Email: kaufmann@MPIIB-Berlin.MPG.DE
Senior author: S. H. E. Kaufmann


Pneumonia is the most common cause of death from infectious disease in the western hemisphere. Pathophysiological and protective processes are initiated by pattern recognition of microbial structures. To provide the molecular framework for a better understanding of processes relevant to host defence in pneumonia, we performed pulmonary transcriptome analysis in mice infected with the major bacterial and viral agents of community-acquired pneumonia, Streptococcus pneumoniae and influenza A virus. We detected differential expression of 1300 genes after infection with either pathogen. Of these, approximately 36% or 30% were specific for pneumococcal or influenza infection, respectively, yielding pathogen-specific as well as shared inflammatory transcriptional signatures.
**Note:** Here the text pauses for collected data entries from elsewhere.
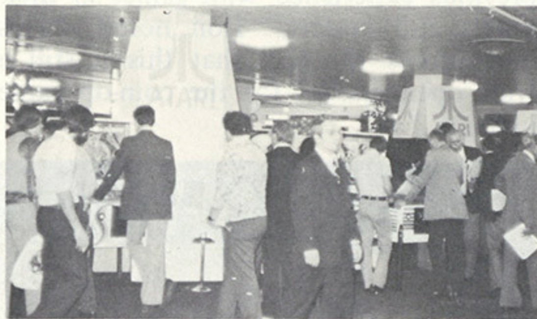
Atari pinballs attracted much interest.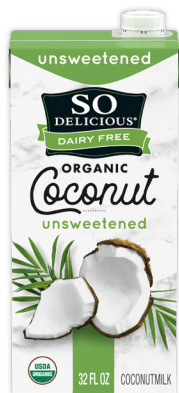
So Delicious Organic Coconut Milk selected varieties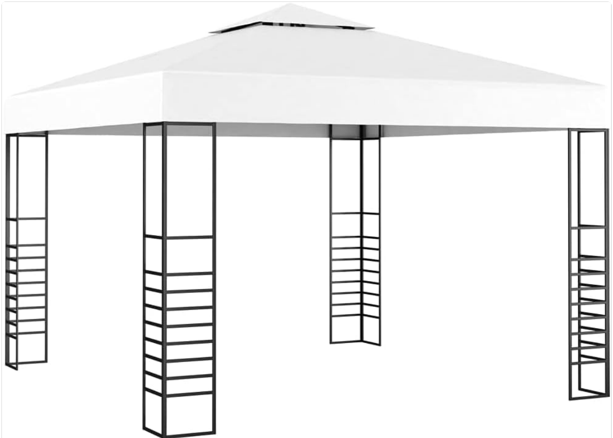
Image 1.1: Overview of the vidaXL Garden Marquee. This image displays the fully assembled white marquee with its black

This manual provides essential instructions for the safe assembly, operation, and maintenance of your vidaXL Garden Marquee, Model 48033. Please read all instructions carefully before beginning assembly and retain this manual for future reference.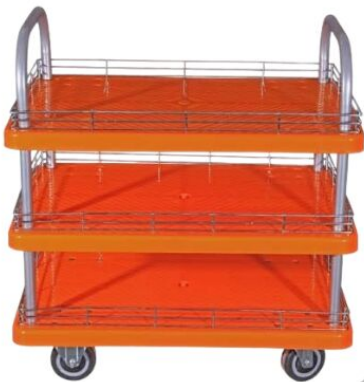
TRIPPLE PLATFORM TROLLEY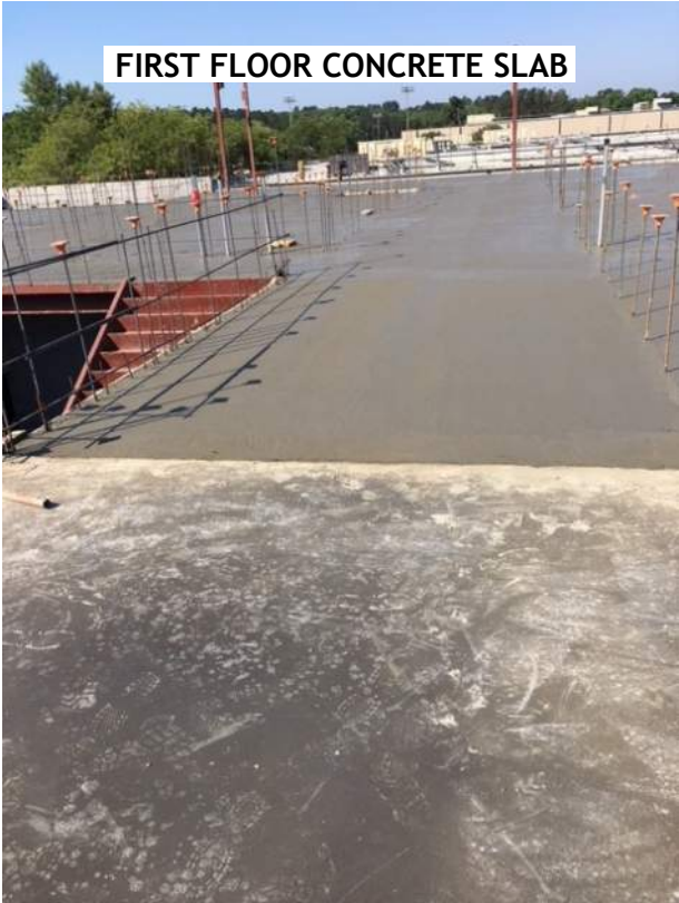
FIRST FLOOR CONCRETE SLAB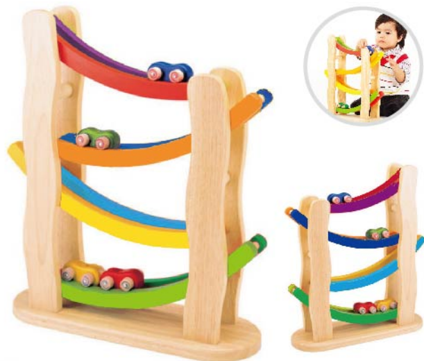
P0506 RAINBOW SLOPE™ W 12 x L 35.5 x H 41 cm W 4¾ x L 14 x H 16¼ in >12m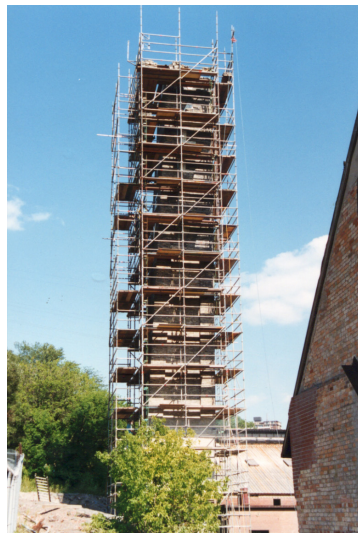
Chimney Restoration In Progress

“ Over a year ago, when we first addressed the restoration and stabilisation of the chimney, we could not have foreseen the level of effort and commitment required to complete this task. However, the success achieved over these last few months has clearly demonstrated that the product was well worth the effort.”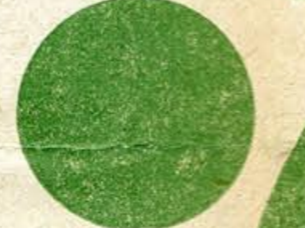
FEET Cut one of each 1/4 in. thick.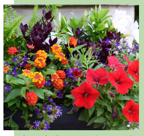
Flowers by the entrance (June 2023)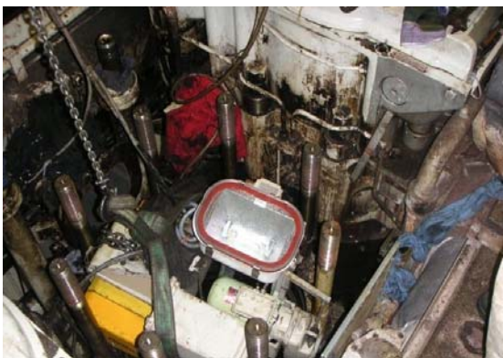
The crane mechanism lying on top of the engine.

CHIRP Comment: We are grateful to the ship manager for sharing this report. We have heard from another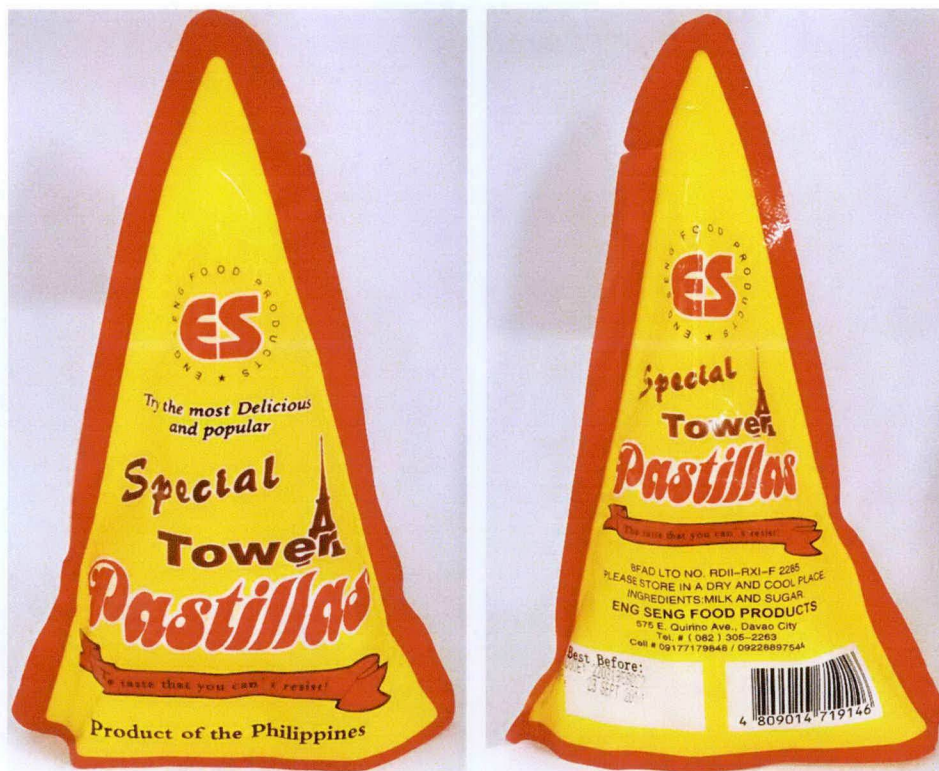
Figure 4. Unregistered ENG SENG FOOD PRODUCTS Special Tower Pastillas

The FDA verified through post-marketing surveillance that the abovementioned food products are not authorized and the Certificates of Product Registration (CPR) have not been issued. Pursuant to the Republic Act No. 9711, otherwise known as the “Food and Drug Administration Act of 2009”, the manufacture, importation, exportation, sale, offering for sale, distribution, transfer, non-consumer use, promotion, advertising or sponsorship of health products without the proper authorization is prohibited.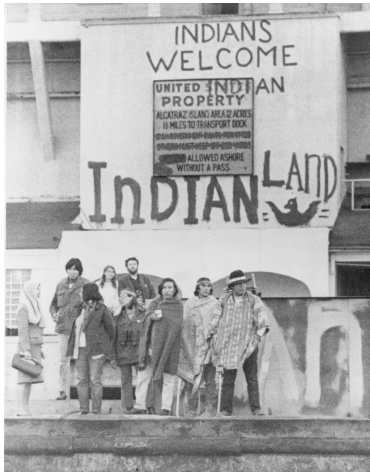
Indians of All Tribes, Alcatraz, 1969-71

These results not only reveal a differential response on the cytokine and chemokine levels but also emphasize the important role of genes implicated in regulation and fine tuning of inflammation. As one, albeit unexpected, key feature of pneumococcal pneumonia we discovered down-regulation of B-cell responses, probably reflecting a pneumococcal virulence strategy. The pathophysiological consequences of influenza A virus infection were reflected by the emerging protective T-cell response and differential induction of genes involved in tissue regeneration and proliferation. These data provide new insights into pathogenesis of the most common forms of pneumonia, highlighting the value of transcriptional profiling for the elucidation of underlying mechanisms.